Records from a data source

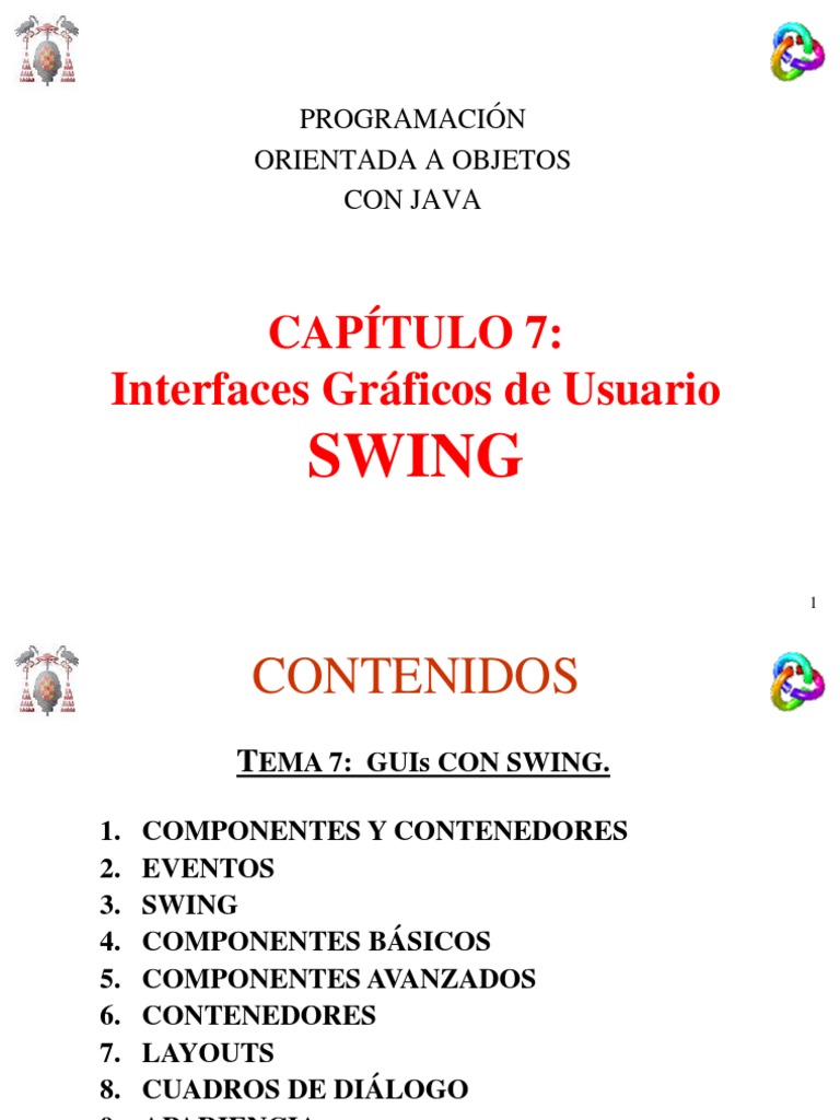 1. COMPONENTES Y CONTENEDORES 2. EVENTOS 3. SWING 4. COMPONENTES BSICOS 5. COMPONENTES AVANZADOS 6. CONTENEDORES 7. LAYOUTS 8. CUADROS DE DILOGO 9. APARIENCIA 10. EJEMPLO APLICACIN POO + SWING
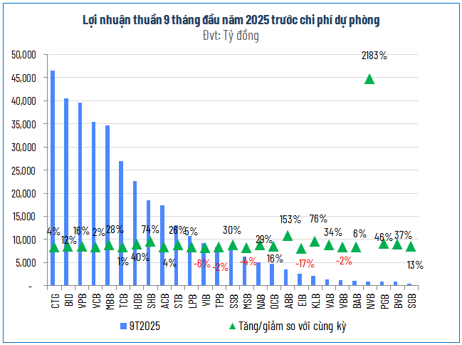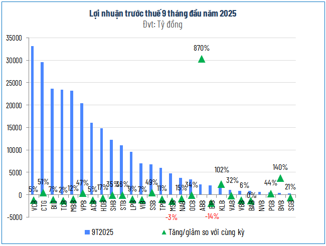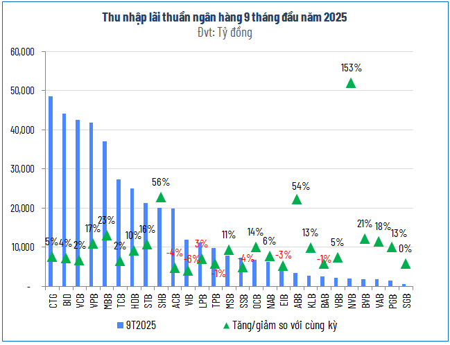 Sau 9 tháng đầu năm 2025, hầu hết các nhà băng đều báo lãi tăng mạnh, thậm chí vượt xa kế hoạch, bất chấp áp lực biên lãi ròng co hẹp khi mặt bằng lãi suất vẫn ở mức thấp.
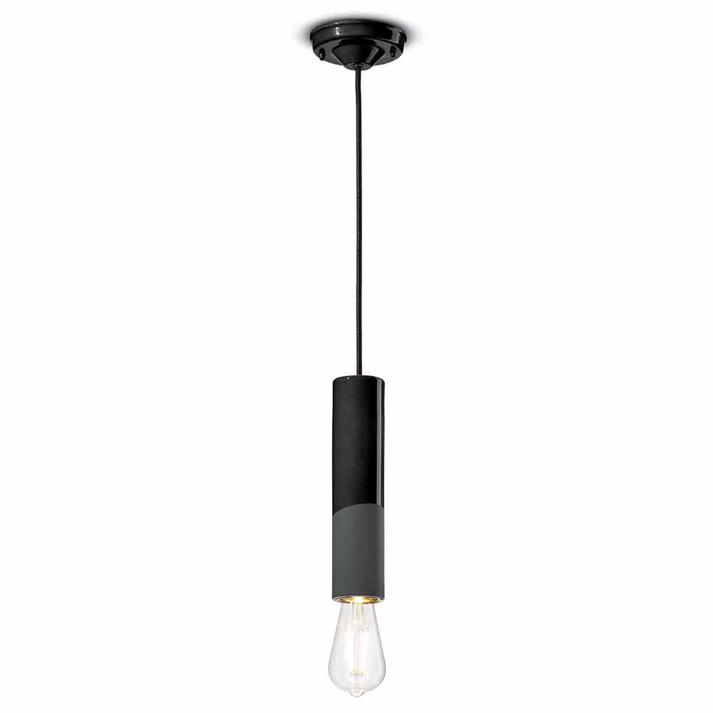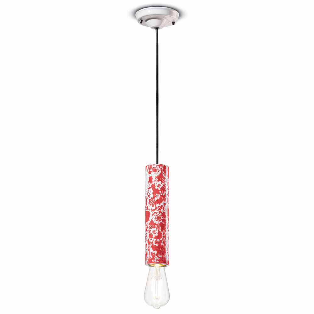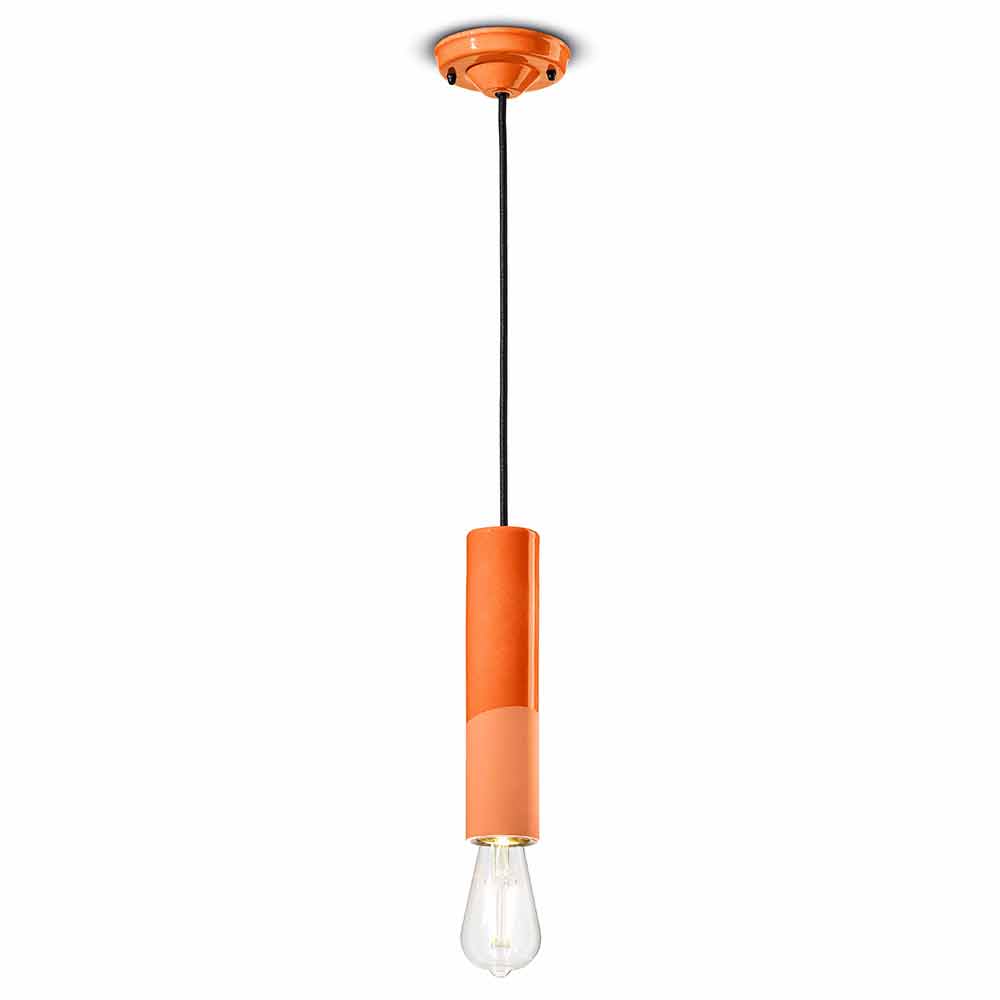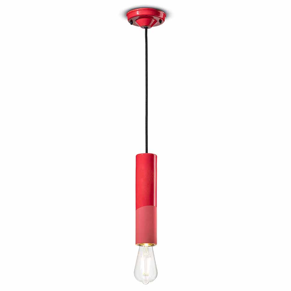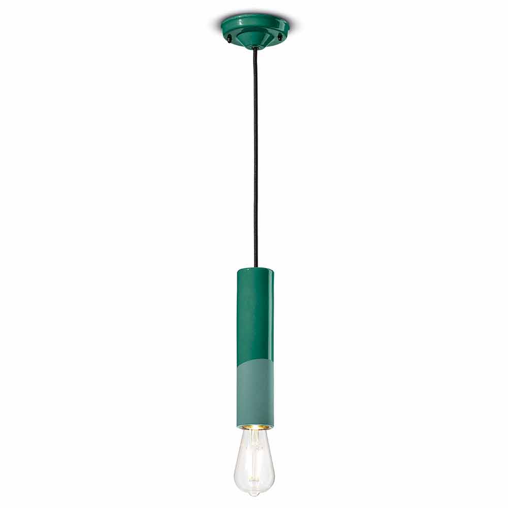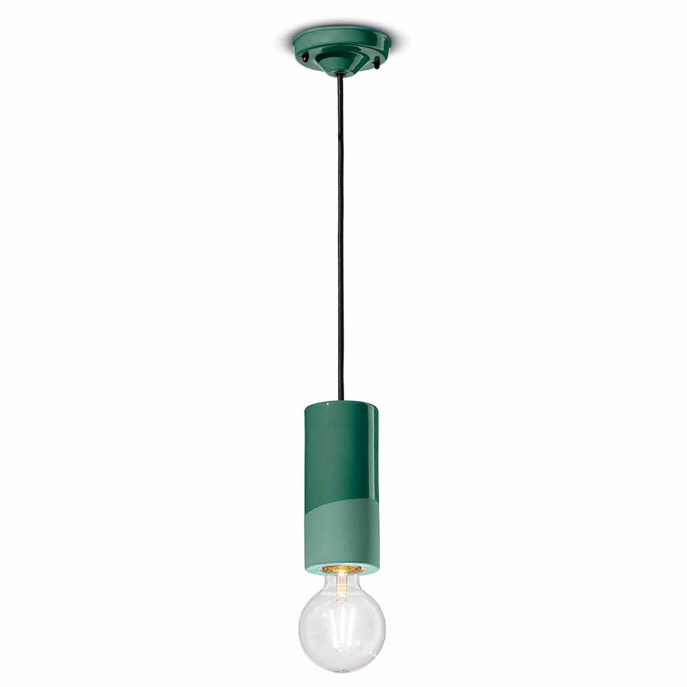 Cylindrical suspension lamp with a retro style in colored ceramic, handcrafted in Italy.
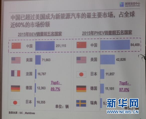 2015年全球新能源汽車銷售56.4萬輛,以純電動汽車為主,同比增長了102%。其中,中國的貢獻率最為明顯,已經(jīng)超越美國成為新能源汽車最主要市場,占全球近60%的市場份額(純電動和插電混動均位于第一位)。與中國在2015年迅猛發(fā)展相比,美國電動汽車銷售量去年同比減少3.6%。
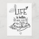 Éclairer la journée de quelqu'un avec une note manuscrite. Cette carte postale de motivation amusante est un grand rappel quotidien de ne pas prendre la vie si au sérieux. La citation dit...La vie est meilleure quand vous rirez imprimé en noir gras, en complément des polices surlignées de feuilles dessinés à la main et des coeurs avec un arrière - plan d'aquarelle bleu. Carte postale de bonheur motivationnel est formidable pour * salutations - bonjour, penser à vous, amour, vous manquez, etc * entreprises * annonces - nouvelle maison, emploi
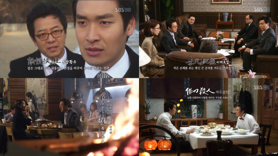 이어 지난 10일 4회 방송분에서 범증(이기영)은 천하그룹 비서실장인 모가비(김서형)와 술을 마시면서 서로의 허물이나 잘못을 감싸며 서로 돕는다는 뜻의 '관관상호(官官相護)'라는 고사성어를 선보였다. 이때 범증은 모가비에게는 핀잔을 들었지만, 이후 그는 모가비대신 항우와 손을 잡는 계략을 실행에 옮겼다.
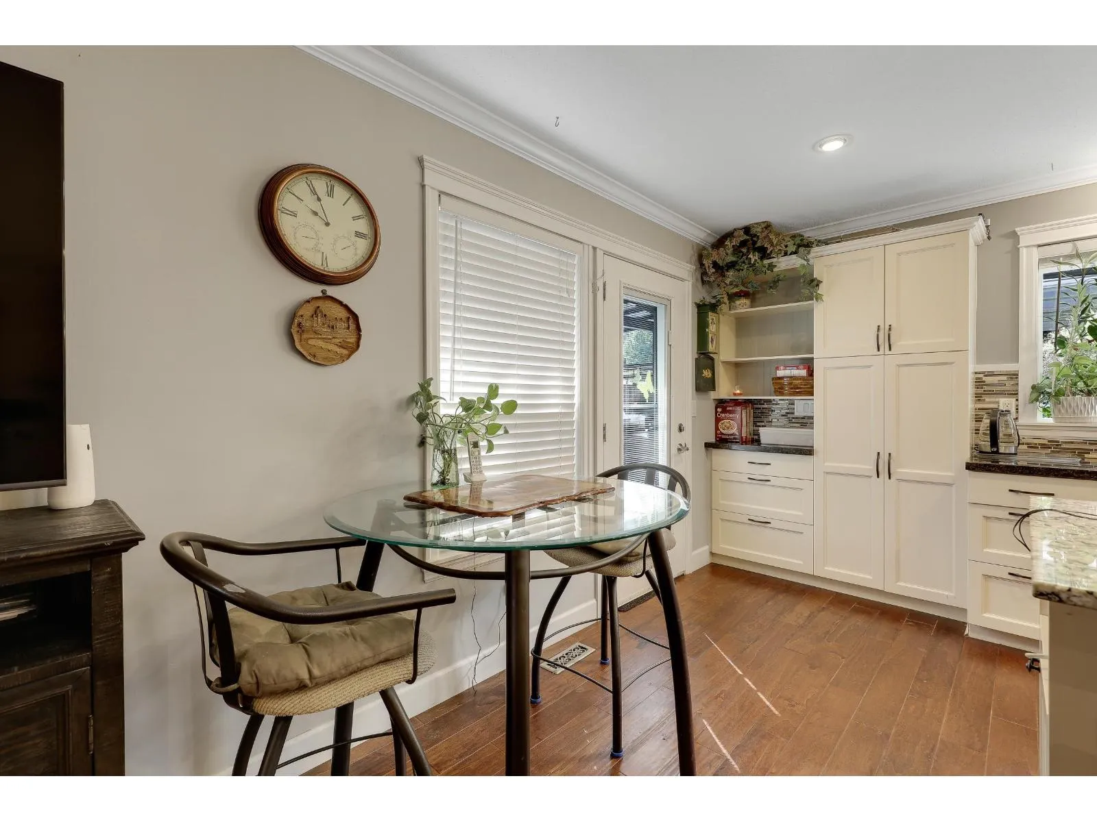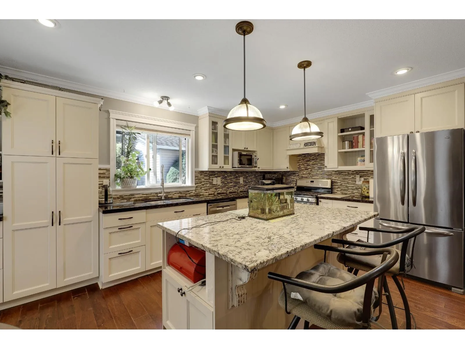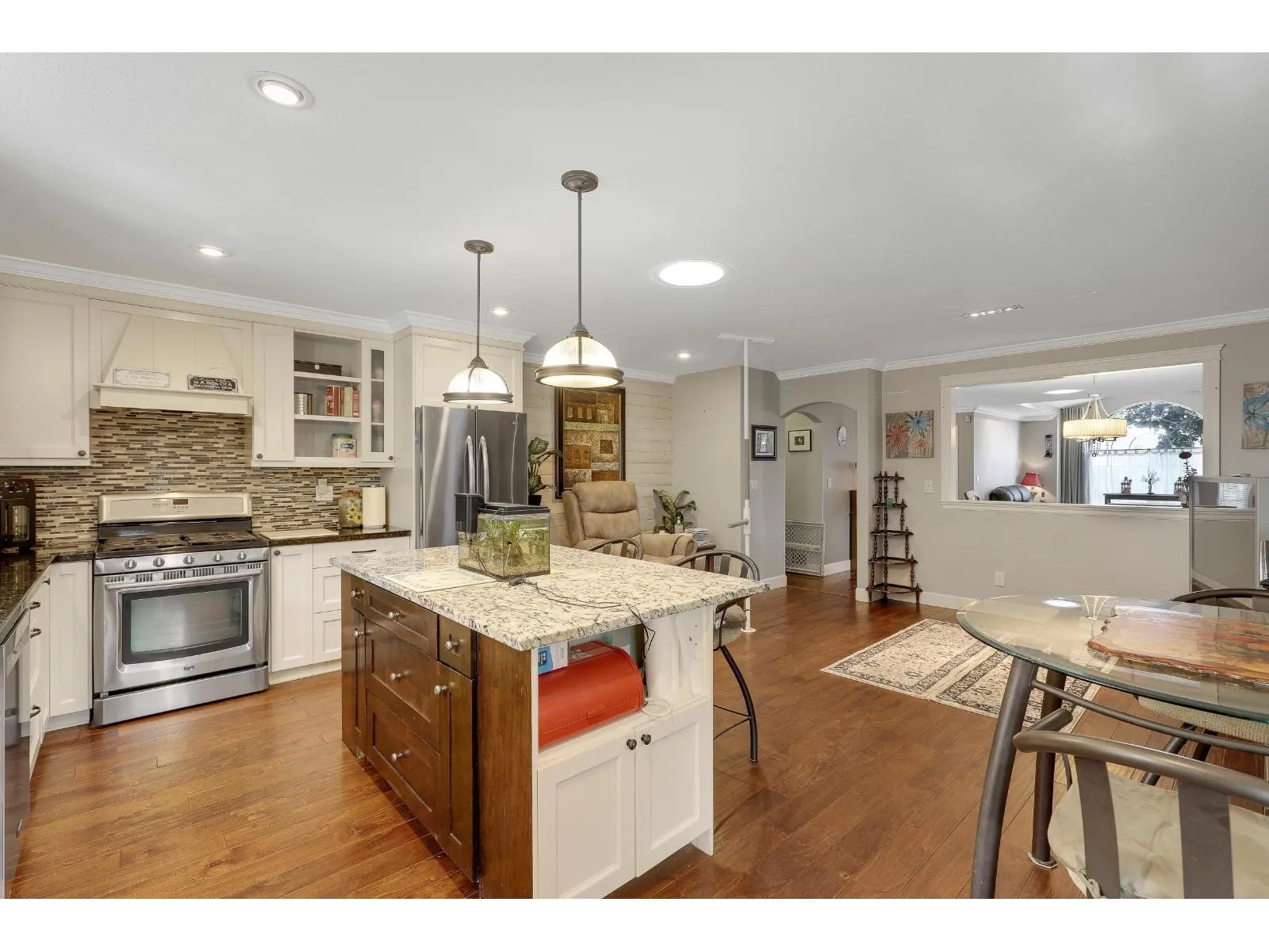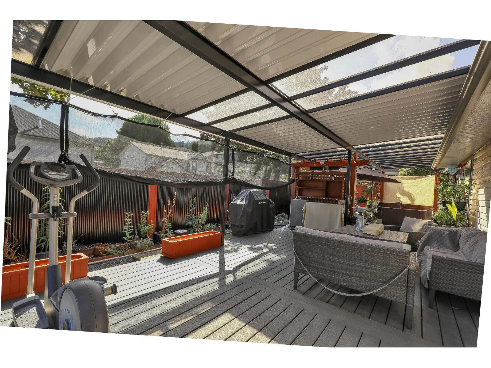 RENOVATED Ranch-style house on freehold 8,320 sq ft lot with RV PARKING back access & oversize detached workshop. Extensive upgrades in perfect layout for relax or kids to play: designer kitchen cabinets, granite counters, engineered hardwood flooring, "Ësafe step' walk-in tub in bathroom, new water pipes; PRIVATE BACK YARD: new metal fence + new METAL roof in year 2024 w/transferable warranty; a massive covered patio, full "Duradeck" surrounds and a hot tub, garden beds beside an oversize detached workshop-for hobbies, storage, or mortgage helper. The zoning allows 2nd kitchen (existing plumbing, a separate entrance available). This home has great flexibility and can easily be converted to accommodate an extra bedroom, as well as be wheelchair accessible both indoors and out. (id:27476)

• _Task instructions_
Please set the records down again exactly as written. The pictures should not be included.

• _Answer space_
 1. COMPONENTES Y CONTENEDORES 2. EVENTOS 3. SWING 4. COMPONENTES BSICOS 5. COMPONENTES AVANZADOS 6. CONTENEDORES 7. LAYOUTS 8. CUADROS DE DILOGO 9. APARIENCIA 10. EJEMPLO APLICACIN POO + SWING
 Sau 9 tháng đầu năm 2025, hầu hết các nhà băng đều báo lãi tăng mạnh, thậm chí vượt xa kế hoạch, bất chấp áp lực biên lãi ròng co hẹp khi mặt bằng lãi suất vẫn ở mức thấp.
 Cylindrical suspension lamp with a retro style in colored ceramic, handcrafted in Italy.
 2015年全球新能源汽車銷售56.4萬輛,以純電動汽車為主,同比增長了102%。其中,中國的貢獻率最為明顯,已經(jīng)超越美國成為新能源汽車最主要市場,占全球近60%的市場份額(純電動和插電混動均位于第一位)。與中國在2015年迅猛發(fā)展相比,美國電動汽車銷售量去年同比減少3.6%。
 Éclairer la journée de quelqu'un avec une note manuscrite. Cette carte postale de motivation amusante est un grand rappel quotidien de ne pas prendre la vie si au sérieux. La citation dit...La vie est meilleure quand vous rirez imprimé en noir gras, en complément des polices surlignées de feuilles dessinés à la main et des coeurs avec un arrière - plan d'aquarelle bleu. Carte postale de bonheur motivationnel est formidable pour * salutations - bonjour, penser à vous, amour, vous manquez, etc * entreprises * annonces - nouvelle maison, emploi
 이어 지난 10일 4회 방송분에서 범증(이기영)은 천하그룹 비서실장인 모가비(김서형)와 술을 마시면서 서로의 허물이나 잘못을 감싸며 서로 돕는다는 뜻의 '관관상호(官官相護)'라는 고사성어를 선보였다. 이때 범증은 모가비에게는 핀잔을 들었지만, 이후 그는 모가비대신 항우와 손을 잡는 계략을 실행에 옮겼다.
 RENOVATED Ranch-style house on freehold 8,320 sq ft lot with RV PARKING back access & oversize detached workshop. Extensive upgrades in perfect layout for relax or kids to play: designer kitchen cabinets, granite counters, engineered hardwood flooring, "Ësafe step' walk-in tub in bathroom, new water pipes; PRIVATE BACK YARD: new metal fence + new METAL roof in year 2024 w/transferable warranty; a massive covered patio, full "Duradeck" surrounds and a hot tub, garden beds beside an oversize detached workshop-for hobbies, storage, or mortgage helper. The zoning allows 2nd kitchen (existing plumbing, a separate entrance available). This home has great flexibility and can easily be converted to accommodate an extra bedroom, as well as be wheelchair accessible both indoors and out. (id:27476)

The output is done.